Captura do metano e nutrição de precisão
No Centro-Oeste, pesquisadores da Embrapa monitoram o metano liberado pelos animais por meio de um equipamento acoplado às narinas dos bois. O gás é armazenado em frascos que seguem para análise em laboratório. Segundo o pesquisador Rodrigo Gomes, complementos alimentares já permitem cortar em cerca de 40 % a produção de metano entérico. O mesmo estudo mapeia indivíduos que, por genética, emitem menos metano, com o objetivo de usá-los como reprodutores.
Pastagens recuperadas e rotação com lavouras
Dados da Embrapa indicam que 60 % das pastagens brasileiras apresentam algum grau de degradação. Em Campo Grande (MS), ensaios mostram que a simples adubação do solo aliada ao limite de lotação evita o desgaste por até 30 anos. Já o sistema de integração lavoura-pecuária, que alterna um ano de grãos com três de pasto, se mantém há 32 anos e acumula cinco toneladas extras de carbono por metro de solo em relação ao Cerrado nativo.

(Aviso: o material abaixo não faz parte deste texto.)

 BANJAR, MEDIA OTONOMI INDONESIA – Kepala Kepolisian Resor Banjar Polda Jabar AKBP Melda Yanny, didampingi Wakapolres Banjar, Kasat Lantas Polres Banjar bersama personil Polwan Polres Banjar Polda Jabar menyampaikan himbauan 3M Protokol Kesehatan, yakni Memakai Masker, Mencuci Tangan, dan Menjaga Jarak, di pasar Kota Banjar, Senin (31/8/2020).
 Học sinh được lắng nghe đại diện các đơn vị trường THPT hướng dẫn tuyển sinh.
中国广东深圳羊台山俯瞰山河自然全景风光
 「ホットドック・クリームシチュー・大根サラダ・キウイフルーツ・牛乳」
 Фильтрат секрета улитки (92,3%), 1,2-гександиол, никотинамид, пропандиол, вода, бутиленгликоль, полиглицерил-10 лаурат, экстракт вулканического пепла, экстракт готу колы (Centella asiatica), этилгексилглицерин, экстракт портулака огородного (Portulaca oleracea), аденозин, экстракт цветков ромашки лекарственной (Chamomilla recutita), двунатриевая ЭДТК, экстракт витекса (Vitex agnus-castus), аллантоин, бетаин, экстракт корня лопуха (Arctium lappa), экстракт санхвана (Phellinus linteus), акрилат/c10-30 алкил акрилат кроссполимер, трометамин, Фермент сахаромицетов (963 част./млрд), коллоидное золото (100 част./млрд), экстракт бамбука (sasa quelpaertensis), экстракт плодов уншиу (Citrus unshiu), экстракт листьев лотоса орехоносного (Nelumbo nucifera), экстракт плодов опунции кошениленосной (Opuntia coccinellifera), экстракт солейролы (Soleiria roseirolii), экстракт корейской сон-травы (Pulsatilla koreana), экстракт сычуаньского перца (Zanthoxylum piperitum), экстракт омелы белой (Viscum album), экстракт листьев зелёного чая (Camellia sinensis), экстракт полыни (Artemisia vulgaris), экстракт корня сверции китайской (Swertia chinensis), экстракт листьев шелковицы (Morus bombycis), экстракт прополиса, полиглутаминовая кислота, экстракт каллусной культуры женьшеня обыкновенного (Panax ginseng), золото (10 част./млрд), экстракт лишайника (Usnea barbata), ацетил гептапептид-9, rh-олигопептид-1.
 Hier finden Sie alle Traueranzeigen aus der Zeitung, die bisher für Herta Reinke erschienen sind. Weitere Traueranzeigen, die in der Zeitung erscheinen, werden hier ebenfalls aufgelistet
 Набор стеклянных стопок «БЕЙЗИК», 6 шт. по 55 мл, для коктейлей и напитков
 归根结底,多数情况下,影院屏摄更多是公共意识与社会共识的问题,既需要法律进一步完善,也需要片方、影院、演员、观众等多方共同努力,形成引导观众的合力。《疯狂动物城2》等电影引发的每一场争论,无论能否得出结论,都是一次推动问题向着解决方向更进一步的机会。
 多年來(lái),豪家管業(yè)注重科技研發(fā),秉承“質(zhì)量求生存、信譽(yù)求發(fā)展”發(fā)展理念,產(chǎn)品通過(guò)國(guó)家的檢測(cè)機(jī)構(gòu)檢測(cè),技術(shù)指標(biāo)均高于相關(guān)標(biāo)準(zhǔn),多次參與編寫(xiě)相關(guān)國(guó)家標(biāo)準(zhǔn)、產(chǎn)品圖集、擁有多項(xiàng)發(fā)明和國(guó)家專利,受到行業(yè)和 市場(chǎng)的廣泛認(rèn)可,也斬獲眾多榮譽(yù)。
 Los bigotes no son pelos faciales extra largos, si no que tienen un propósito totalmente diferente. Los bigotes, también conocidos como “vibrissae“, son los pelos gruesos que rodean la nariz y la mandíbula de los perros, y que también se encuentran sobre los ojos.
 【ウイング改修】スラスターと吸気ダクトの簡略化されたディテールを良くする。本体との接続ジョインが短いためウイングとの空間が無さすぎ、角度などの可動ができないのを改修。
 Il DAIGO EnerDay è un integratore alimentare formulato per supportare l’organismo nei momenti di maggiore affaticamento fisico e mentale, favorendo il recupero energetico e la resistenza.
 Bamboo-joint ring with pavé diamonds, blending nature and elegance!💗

Nos últimos 15 anos, Mato Grosso do Sul retirou entre três e quatro milhões de hectares de pasto ao mesmo tempo em que aumentou seu rebanho, graças à intensificação produtiva. A Embrapa calcula que a recuperação de pastagens pode mitigar até 50 % das emissões da pecuária nacional.
Carne de baixo carbono rumo à COP30
Em Rancharia (SP), a pecuarista Carla Namour conquistou a primeira certificação brasileira de carne de baixo carbono, que será servida na Conferência da ONU sobre Mudanças Climáticas (COP30). O selo exige 67 critérios, entre eles bem-estar animal, regularidade ambiental e alimentação balanceada. O rebanho permanece em piquetes menores, recebe ração suplementar e tem acesso permanente a água limpa.
Com essas medidas, o objetivo é reduzir a idade de abate para até 30 meses — dez a menos que a média nacional — encurtando o período de emissões por animal. Testes de campo indicam que a combinação de manejo, genética e sequestro de carbono no solo pode cortar até 85 % dos gases gerados na produção de um bife.
Sistemas silvipastoris e renda extra com madeira
A inclusão de árvores nas pastagens, prática conhecida como sistema silvipastoril, amplia o sequestro de CO2 na madeira e nas raízes, o que pode levar a uma pecuária carbono neutro. Apesar da leve queda na produtividade do pasto sombreado, a receita obtida com a venda de madeira compensa a diferença, explicam os pesquisadores.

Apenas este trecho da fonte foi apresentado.